ポケモンスタンプラリー2014を最適ルートで回ってみた (コーディング編)
ポケモンスタンプラリー2014を最適ルートで回ってみた (問題提起編) - 新米コンサルの日常のつづき
おさらい
- ポケモンスタンプラリーとは、30駅を9:30~16:00で回るスタンプラリー
- これを最短最速で回ろうとすると、巡回セールスマン問題になる
- 巡回セールスマン問題は有限時間で解くのが困難 (NP困難)
- 実際、今回のルートについて全ての通りを数え上げると30!/2通りになる
問題定義
計算と、実証の簡単のために、問題を少し矮小化して、
「実行日(平日)の9:30~16:00で最も多くの駅を回るルートを見つける。
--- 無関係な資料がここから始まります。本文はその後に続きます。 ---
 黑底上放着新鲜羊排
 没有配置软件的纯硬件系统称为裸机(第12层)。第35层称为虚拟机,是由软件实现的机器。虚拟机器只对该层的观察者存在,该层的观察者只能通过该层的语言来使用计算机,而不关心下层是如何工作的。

」
とします。
どうしてこれが計算の簡単に役立つかというと、16:00以降どこに行くべきか、を意識に入れないで済むからです。
「10駅回ったところで16:15になりました。その後の最短ルートも探しますか?」
と言われたら、計算時間の無駄だからやめろって言いますよね。
実際、このおかげで、20!程度まで計算量を削減出来ました。
データの取得
自動乗り換え計算の方法を考えると、まず、最短経路の計算手段について
毎回きっちり調べるのか / 蓄えたデータを利用するのか
という小問題があります。
前者は厳密ですが時間がかかる、後者は近似的ですが時間がかかりません。
そこでまず、ランダムに作った30駅のルートを「毎回きっちり調べる」で計算してみたところ、ゆうに4秒程度かかりました。
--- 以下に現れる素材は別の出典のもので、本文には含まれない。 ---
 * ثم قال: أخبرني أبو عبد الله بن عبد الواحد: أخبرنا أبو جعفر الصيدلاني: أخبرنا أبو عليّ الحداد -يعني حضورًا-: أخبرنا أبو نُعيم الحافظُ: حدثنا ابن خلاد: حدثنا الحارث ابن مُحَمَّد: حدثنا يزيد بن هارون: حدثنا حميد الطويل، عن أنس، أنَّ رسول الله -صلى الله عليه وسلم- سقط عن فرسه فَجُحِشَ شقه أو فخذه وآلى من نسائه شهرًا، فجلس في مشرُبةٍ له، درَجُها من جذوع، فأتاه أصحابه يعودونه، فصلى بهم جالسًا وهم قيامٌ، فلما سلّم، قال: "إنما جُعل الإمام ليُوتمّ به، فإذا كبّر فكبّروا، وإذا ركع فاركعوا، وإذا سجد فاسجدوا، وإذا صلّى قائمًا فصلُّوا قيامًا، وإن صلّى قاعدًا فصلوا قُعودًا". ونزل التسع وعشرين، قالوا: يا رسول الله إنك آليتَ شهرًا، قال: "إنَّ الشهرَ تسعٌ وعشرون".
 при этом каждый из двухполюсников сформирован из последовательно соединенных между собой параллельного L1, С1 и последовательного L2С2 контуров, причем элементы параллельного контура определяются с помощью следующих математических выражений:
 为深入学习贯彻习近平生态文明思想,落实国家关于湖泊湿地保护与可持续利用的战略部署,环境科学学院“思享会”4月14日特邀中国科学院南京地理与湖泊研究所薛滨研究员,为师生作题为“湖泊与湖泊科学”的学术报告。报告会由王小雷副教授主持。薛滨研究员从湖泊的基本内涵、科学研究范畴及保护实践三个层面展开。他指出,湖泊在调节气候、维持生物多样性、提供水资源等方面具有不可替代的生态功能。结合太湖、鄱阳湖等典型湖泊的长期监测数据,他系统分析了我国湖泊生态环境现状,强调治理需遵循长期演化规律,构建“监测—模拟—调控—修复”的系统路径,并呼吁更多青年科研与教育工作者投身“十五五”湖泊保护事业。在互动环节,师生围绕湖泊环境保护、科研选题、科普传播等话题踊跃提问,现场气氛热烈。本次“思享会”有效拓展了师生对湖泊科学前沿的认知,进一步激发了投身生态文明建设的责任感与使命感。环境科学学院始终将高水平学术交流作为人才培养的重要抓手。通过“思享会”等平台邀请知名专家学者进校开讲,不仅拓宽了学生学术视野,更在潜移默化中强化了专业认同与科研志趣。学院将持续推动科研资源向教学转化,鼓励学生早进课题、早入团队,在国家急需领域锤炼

一方、「蓄えたデータ利用」で計算すると、0.5秒かからず、数分の誤差の近似解を出すことができたので、今回はこちらを採用しました。
そもそも、4秒というのは今回膨大な処理を行うことを考えると、非常に大きい時間(!)で、私が生きている間に計算を終わらせることが出きそうにないので現実的ではありません。
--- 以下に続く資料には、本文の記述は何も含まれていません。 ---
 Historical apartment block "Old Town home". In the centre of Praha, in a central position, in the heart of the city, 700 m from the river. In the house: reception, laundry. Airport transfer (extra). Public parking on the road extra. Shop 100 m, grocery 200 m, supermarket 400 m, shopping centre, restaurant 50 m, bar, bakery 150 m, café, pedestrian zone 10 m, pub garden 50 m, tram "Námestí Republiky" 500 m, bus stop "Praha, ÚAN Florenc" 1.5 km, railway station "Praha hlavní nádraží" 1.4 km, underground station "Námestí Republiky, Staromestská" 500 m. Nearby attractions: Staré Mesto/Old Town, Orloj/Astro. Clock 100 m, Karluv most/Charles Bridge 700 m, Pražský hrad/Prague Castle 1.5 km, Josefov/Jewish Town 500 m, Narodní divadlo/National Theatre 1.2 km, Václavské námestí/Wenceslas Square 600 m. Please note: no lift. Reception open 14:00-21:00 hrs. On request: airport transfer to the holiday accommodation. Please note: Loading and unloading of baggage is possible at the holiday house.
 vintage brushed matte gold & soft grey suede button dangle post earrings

ちなみにデータソースはYahoo!乗換検索をスクレイピングしたものです。APIを叩く方がいいんじゃないか、のような意見があると思うのですが、
のでスクレイピングをしました。
ちなみにGoogle経路検索APIは公共交通機関を(まだ)サポートしていません。
つくってみた
ルートを作成する方法を3通り作りました。
- ランダム作成
- 貪欲法で作成
- (エセ)分枝限定法で作成
それぞれについて説明します。
(ちなみにスタンプ、乗り換え時間を考慮していません。)
ランダム作成
こんな感じ。体感ですが平均8駅くらいしか回れません。(6:55と言うのは所要時間)
何も考えずに回るとこうなるよ、って話ですね。
ちなみに一番下の時間が、処理にかかった時間なのですが、データベースの読み込みに18秒ちょいかかるので、実質2秒で作って(表示して)るっぽいですね。
貪欲法
貪欲法って名前きくと尻込みするかもしれませんが、要するに、
一番行きやすい駅に行くのを繰り返す
ってことです。その結果がこれ ↓
いい感じですよね!
処理にかかる時間もランダムとほとんど変わらないのに、これだけ結果が向上するのはとても嬉しい。
しかし、これは厳密解ではありません。
良い近似解(ヒューリスティクス)と言えますが、決して、最良とは限らないのです。
実際、特に終盤になると顕著ですが、大きな移動が増えます。
前半にとりあえず近いところを… という試行を繰り返したツケを結局後半に払うわけですね。
(エセ)分枝限定法
分枝限定法って名前きくと尻込みするかもしれません。
大いに尻込みしてください。僕は尻込みしました。
要するに、問題を小さく分けて、解かなくていい問題を省こうね、って事らしいのです。
が、尻込みしました。厳密な実装は断念です。
なので、結局これは総当りです。とはいえ、タイムオーバーしたものなど、解かなくていい問題は解いないあたり分枝限定法と言えなくもない気が、しなくもなくもなくもない。
で、計算”途中”がこちら ↓
終わんねえよ…
計算量圧縮しきれませんでした。
ちなみにこれを3時間ほど回した結果、メモリにSSD容量食いつくされて色々クラッシュしました。
あかん。
結局、
近似解である、貪欲法ルートを今回の「最適ルート」としました。
残念ながらポケモンスタンプラリー全駅制覇の夢は断念です…
また、作業ディレクトリまるごとGitHubに上げたので、気になる人は見てください。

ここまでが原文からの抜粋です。